Introduction

Auditory perceptual disturbances in patients with schizophrenia are generally experienced as auditory hallucinations (AHs) (Pinheiro et al. 2019). The prevalence of AHs is greater than 40% in patients with schizophrenia (Upthegrove et al. 2016), and prevalence in first episode, un-medicated schizophrenic patients is even higher (Zhuo et al. 2019). Increasingly, studies have focused on the brain pathology associated with AHs and several hypotheses have been established (Baumeister et al. 2017; Blom 2015; Hugdahl and Sommer 2018; Northoff 2014). While these hypotheses have not been met with full acceptance, these prior studies have provided many important findings on the brain mechanisms associated with AHs (Huang et al. 2019; Stephane 2019; Zmigrod et al. 2016).

Visual perceptual disturbances in schizophrenia are experienced as visual hallucinations (VHs) and vision distortions (Green et al. 2012). The prevalence of VHs in schizophrenic patients is approximately 25–30% (Waters et al. 2014). Prior studies have reported that VHs are experienced in multiple stages of schizophrenia, and has also been reported in children, adolescents, and young adults at high-risk for schizophrenia (Grano et al. 2015; Hebert et al. 2010; Mittal et al. 2015). Furthermore, according to some reports, visual disturbances can be used as an index for symptoms, endophenotypes, biomarkers, and predictors for the study of the clinical, pathological and physiological features of schizophrenia (Garcia-Portilla et al. 2019; Guidotti and Grayson 2011).

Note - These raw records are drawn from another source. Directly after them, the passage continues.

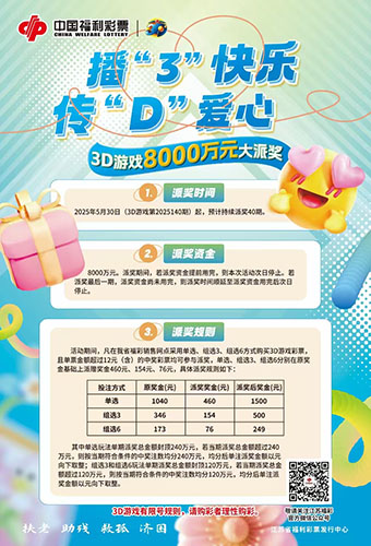 2025年5月30日(3D游戲第2025140期)起,預(yù)計持續(xù)派獎40期。派獎期間,若派獎資金提前用完,則本次活動次日停止。若派獎最后一期,派獎資金尚未用完,則派獎時間順延至派獎資金用完后次日停止。
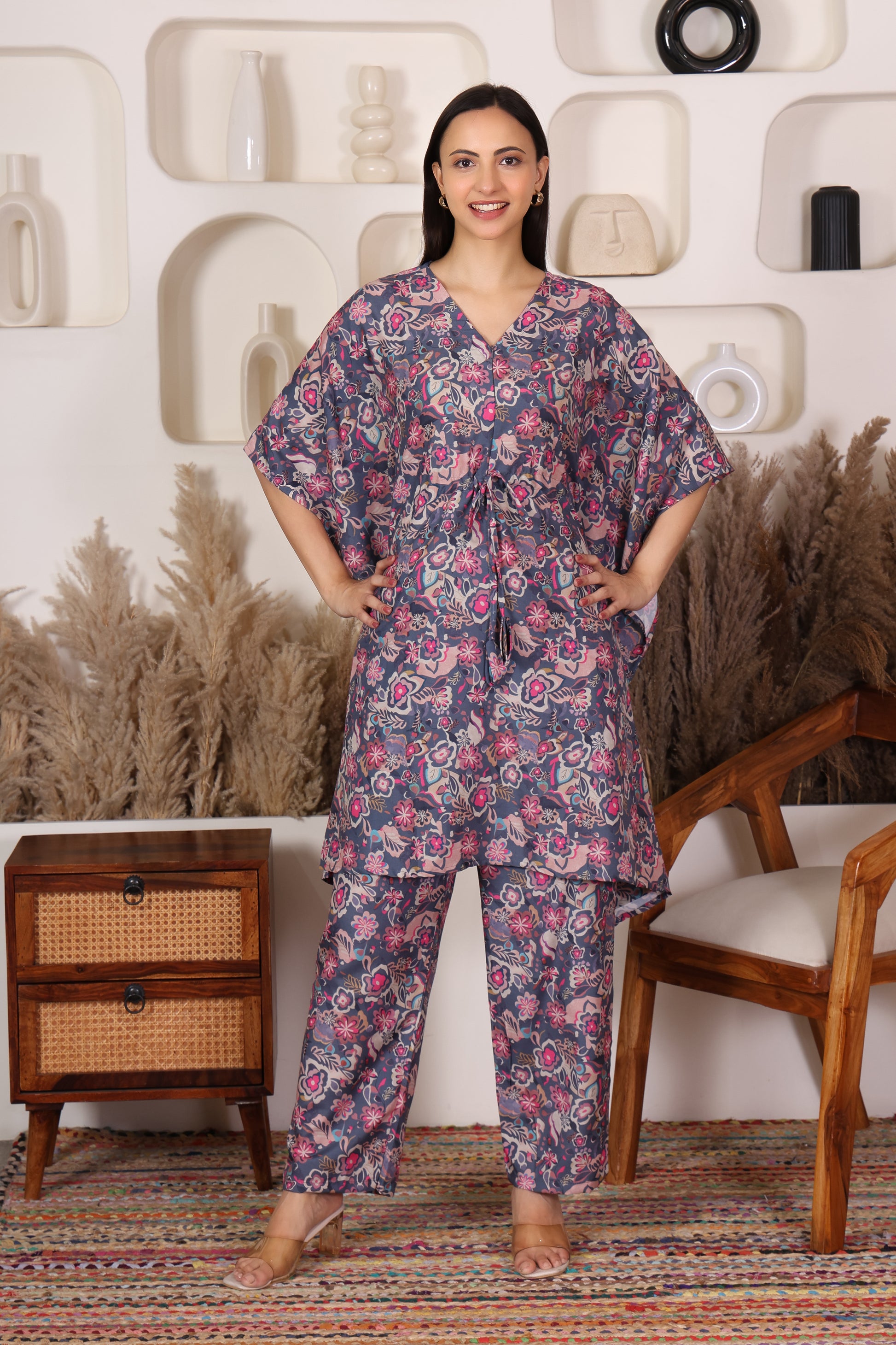 This Hosita Grey Magenta Base Kaftan Co ord Set perfect for fusion clothing with a traditional twist, trendy silhouette and latest styles
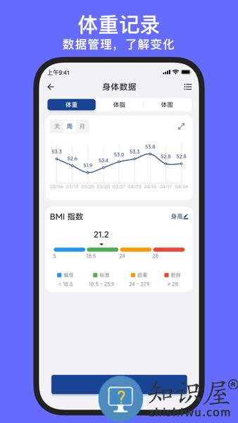身体数据:您可以记录自己的体重、体脂和体围等身体数据。以曲线图的形式展示这些数据,方便您随时查看自己的进步和变化。
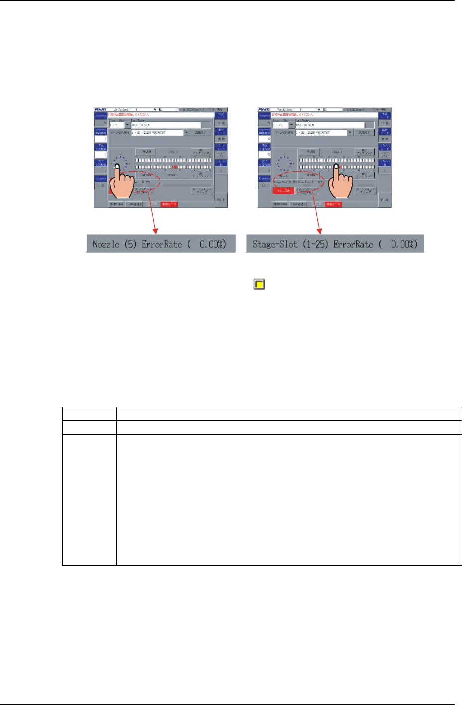 按機器資訊畫面中的吸嘴·料站顯示,則顯示錯誤率。按料盡料站後,[料盡資訊] 一覽
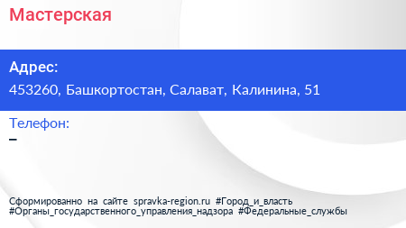 Мастерская по адресу 453260, Башкортостан, Салават, Калинина, 51 в дальнейшем Организация, размещена в следующих категориях:
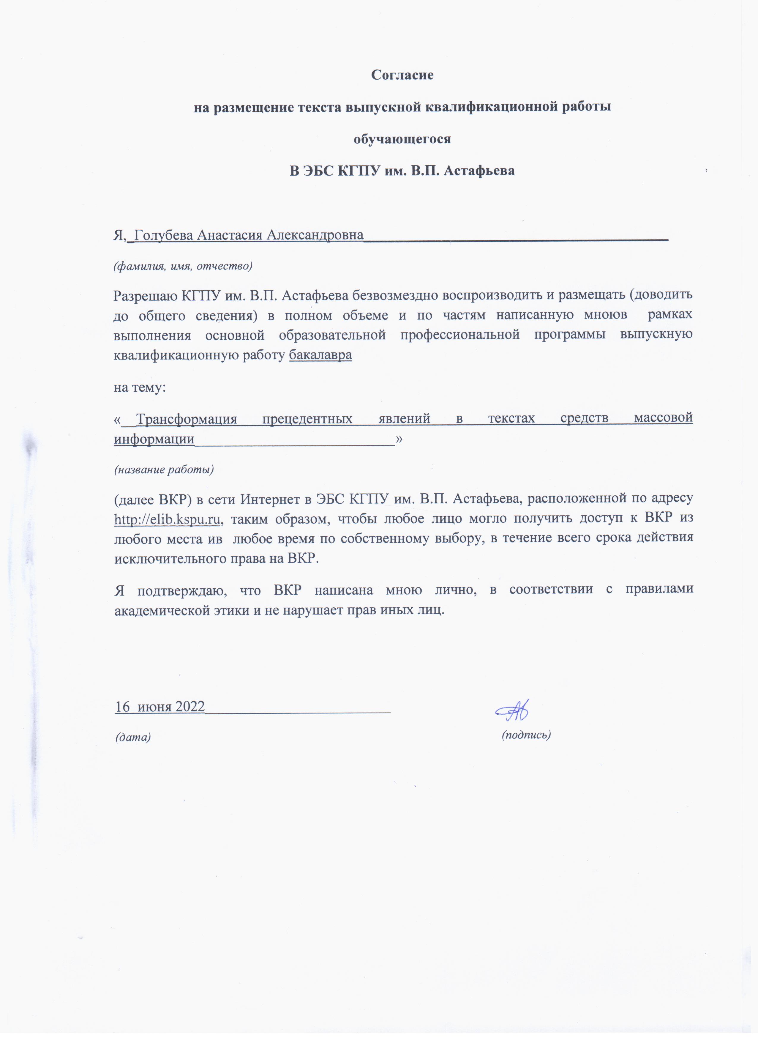 Трансформация прецедентных явлений в текстах средств массовой информации
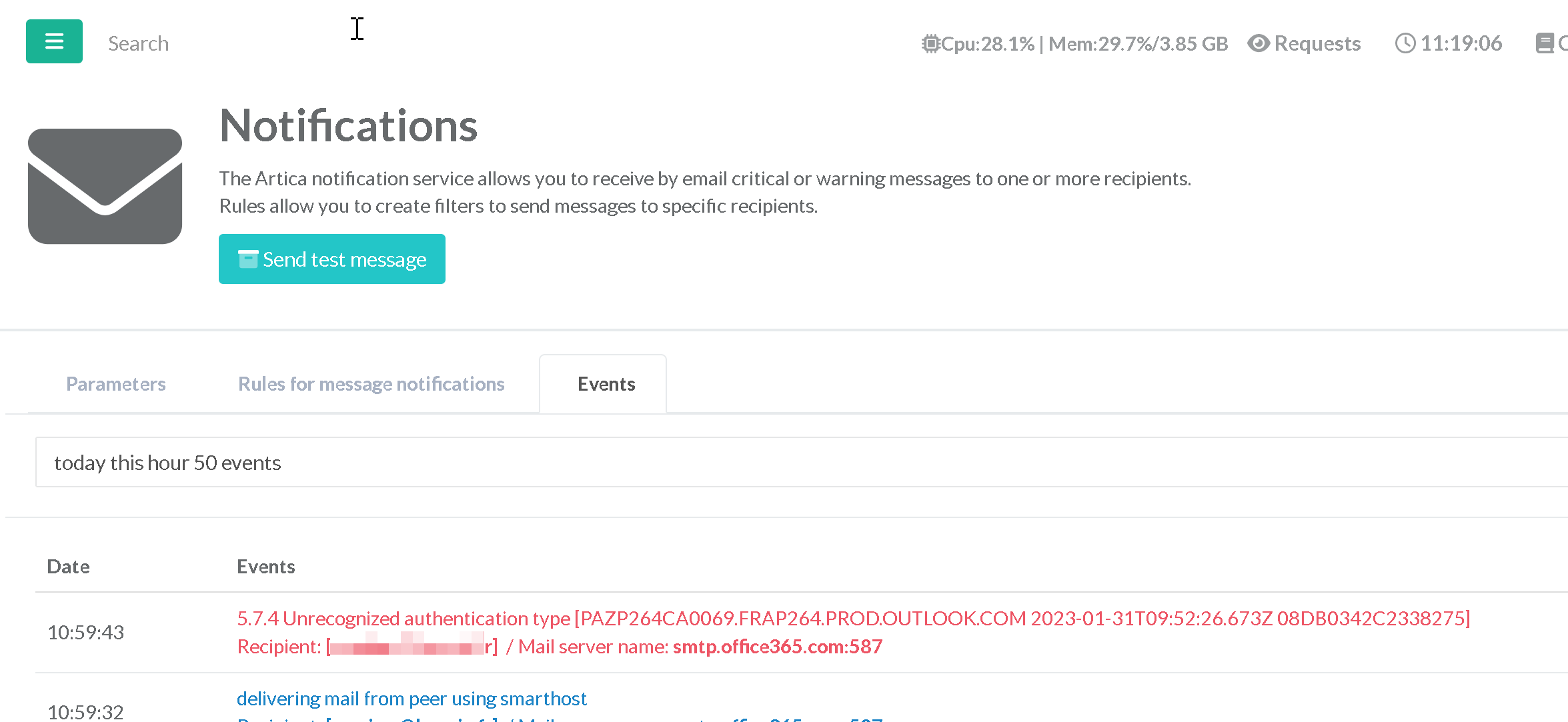 You receive the following error 5.7.4 Unrecognized authentication type on Office365.To fix it, you must use the Artica v4.40 Service Pack 58 or above
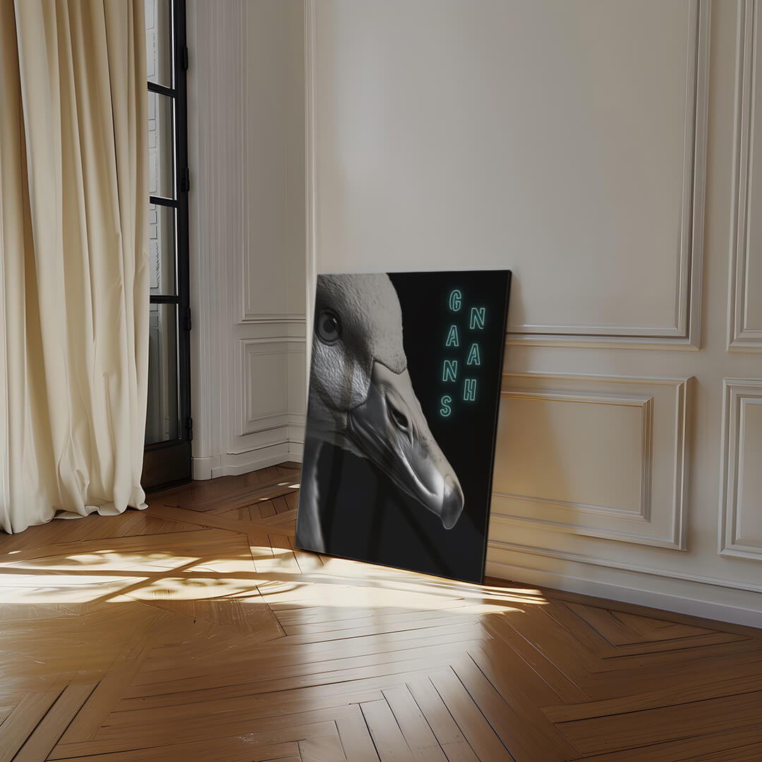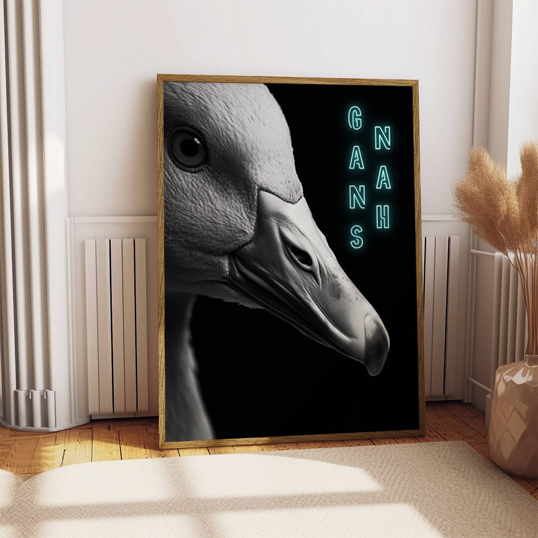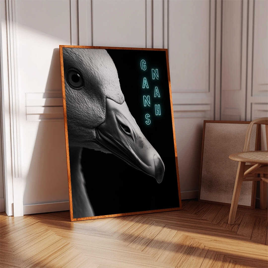 Augenkontakt, der sitzt. "Gans Nah" holt die Gans direkt ins Rampenlicht und lässt Dich jedes Detail hautnah erleben. Dieses Motiv schafft eine Nähe und bringt die Eleganz und Präsenz des Tieres eindrucksvoll zur Geltung.

In the last decade, imaging studies using both magnetic resonance imaging (MRI) and optical coherence tomography (OCT), have focused on brain and retinal aberrations in schizophrenia. Specifically, studies about the relationship between brain and retinal aberrations and the symptoms of visual disturbances have reported that patients with schizophrenia present with brain functional disturbances and retinal thickness impairment (Calderone et al. 2013; Lencer et al. 2005; Nagel et al. 2007; Onitsuka et al. 2007; Silverstein et al. 2009, 2010). These findings provide pivotal information for further study. The poor treatment outcome of schizophrenic patients with a combination of auditory and visual system disturbances support the above mentioned findings (Silverstein 2016). Hence, the current study investigated the pathological features of schizophrenic patients presenting with both AHs and VHs. Specifically, first-episode unmedicated patients were studied to avoid influnces of previous interventions.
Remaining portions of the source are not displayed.